• **Task goal**
Please restate the entries verbatim. The copy should hold no pictures.

• **Data entries**
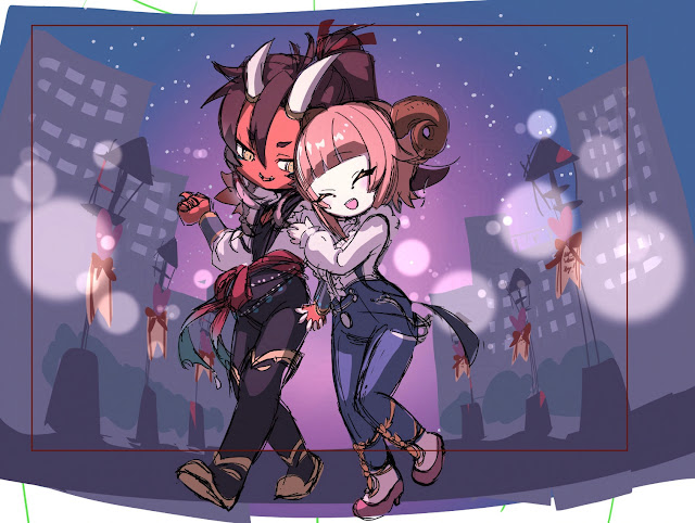 ディナーに向かう前の楽しく街歩きしている様子を描いていきます。
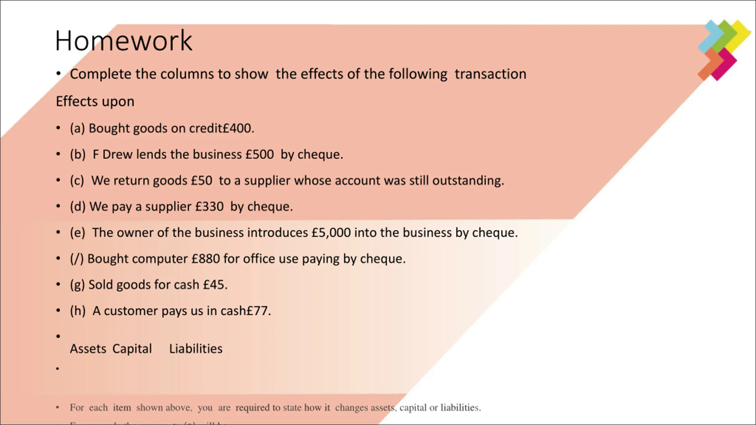 Homework Complete the columns to show the effects of the following transaction Effects upon (a) Bought goods on credit 400. (b) F Drew lends the business 500 by cheque. (c) We return goods 50 to a supplier whose account was still outstanding. (d) We pay a supplier 330 by cheque. (e) The owner of the business introduces 5,000 into the business by cheque. (/) Bought computer 880 for office use paying by cheque. (g) Sold goods for cash 45. (h) A customer pays us in cash 77. Assets Capital Liabilities For each item shown above, you are required to state how it changes assets, capital or liabilities. For example the answer to (a) will be:
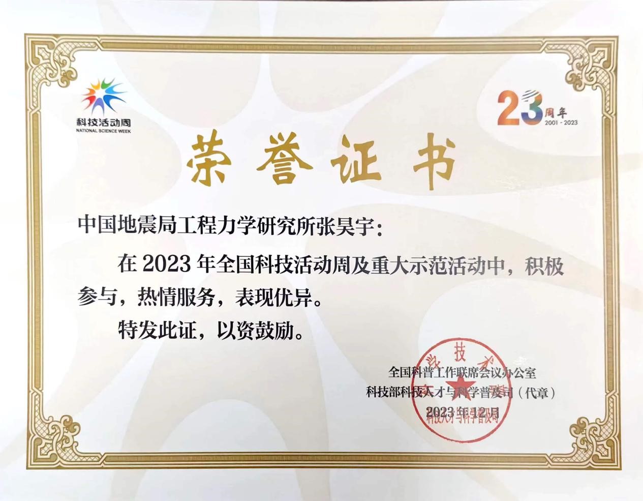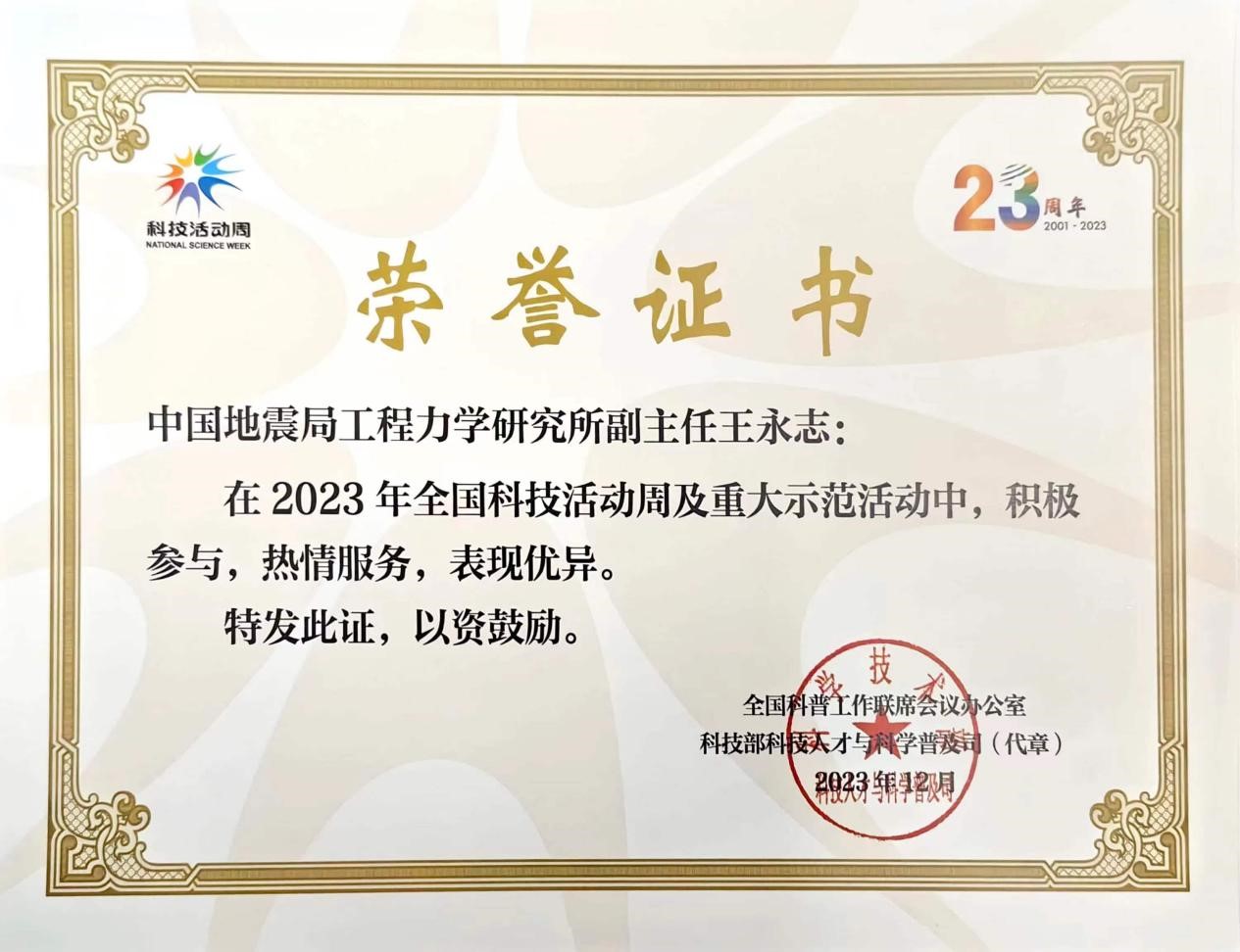 發布時間: 2024-01-26 點擊數量:10477在2023年舉辦的全國科技活動周及重大示范活動中,我所積極參與表現突出,獲全國科普工作聯席會議辦公室表彰。我所科技發展部獲先進集體,王永志研究員、張昊宇副研究員獲先進個人。
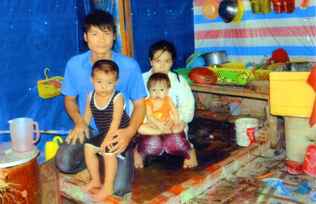 Cả nhà anh Điền trước ngôi nhà của gia đình
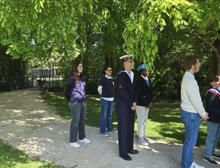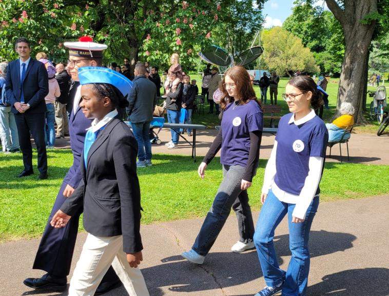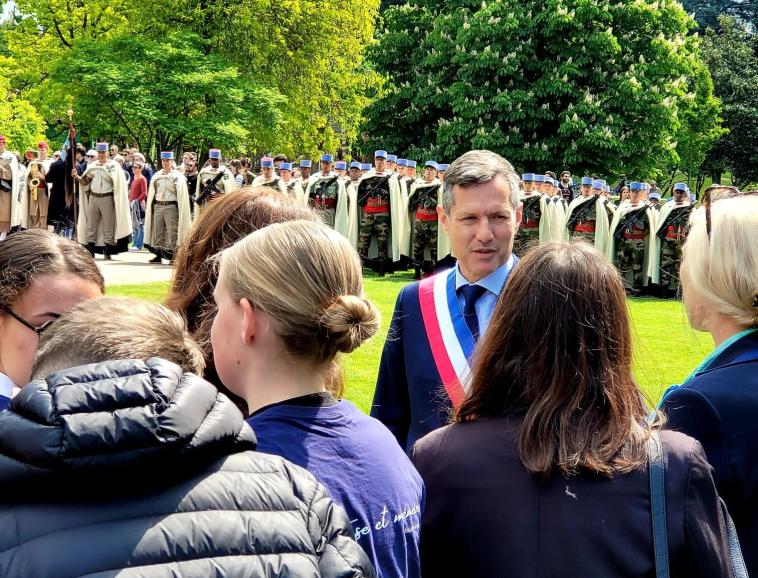 Aujourd’hui 80 ans après, les jeunes de la classe de 2nde3 dite classe engagée ont participé à la commémoration du 8 mai auprès des instances militaires et civiles. Grâce à la directrice de l’OnacVG, Mme Laure Bonnet, ces élèves engagés ont activement participé à la cérémonie puisque Eloise et Julie ont fait partie des jeunes apportant la flamme de la Nation, Clémence et Agathe ont lu des textes rendant hommage aux victimes de cette guerre, sous les yeux d’Inès porte-drapeau de la SMLH.

• **Result of this task**
 ディナーに向かう前の楽しく街歩きしている様子を描いていきます。
 Homework Complete the columns to show the effects of the following transaction Effects upon (a) Bought goods on credit 400. (b) F Drew lends the business 500 by cheque. (c) We return goods 50 to a supplier whose account was still outstanding. (d) We pay a supplier 330 by cheque. (e) The owner of the business introduces 5,000 into the business by cheque. (/) Bought computer 880 for office use paying by cheque. (g) Sold goods for cash 45. (h) A customer pays us in cash 77. Assets Capital Liabilities For each item shown above, you are required to state how it changes assets, capital or liabilities. For example the answer to (a) will be:
 發布時間: 2024-01-26 點擊數量:10477在2023年舉辦的全國科技活動周及重大示范活動中,我所積極參與表現突出,獲全國科普工作聯席會議辦公室表彰。我所科技發展部獲先進集體,王永志研究員、張昊宇副研究員獲先進個人。
 Cả nhà anh Điền trước ngôi nhà của gia đình
 Aujourd’hui 80 ans après, les jeunes de la classe de 2nde3 dite classe engagée ont participé à la commémoration du 8 mai auprès des instances militaires et civiles. Grâce à la directrice de l’OnacVG, Mme Laure Bonnet, ces élèves engagés ont activement participé à la cérémonie puisque Eloise et Julie ont fait partie des jeunes apportant la flamme de la Nation, Clémence et Agathe ont lu des textes rendant hommage aux victimes de cette guerre, sous les yeux d’Inès porte-drapeau de la SMLH.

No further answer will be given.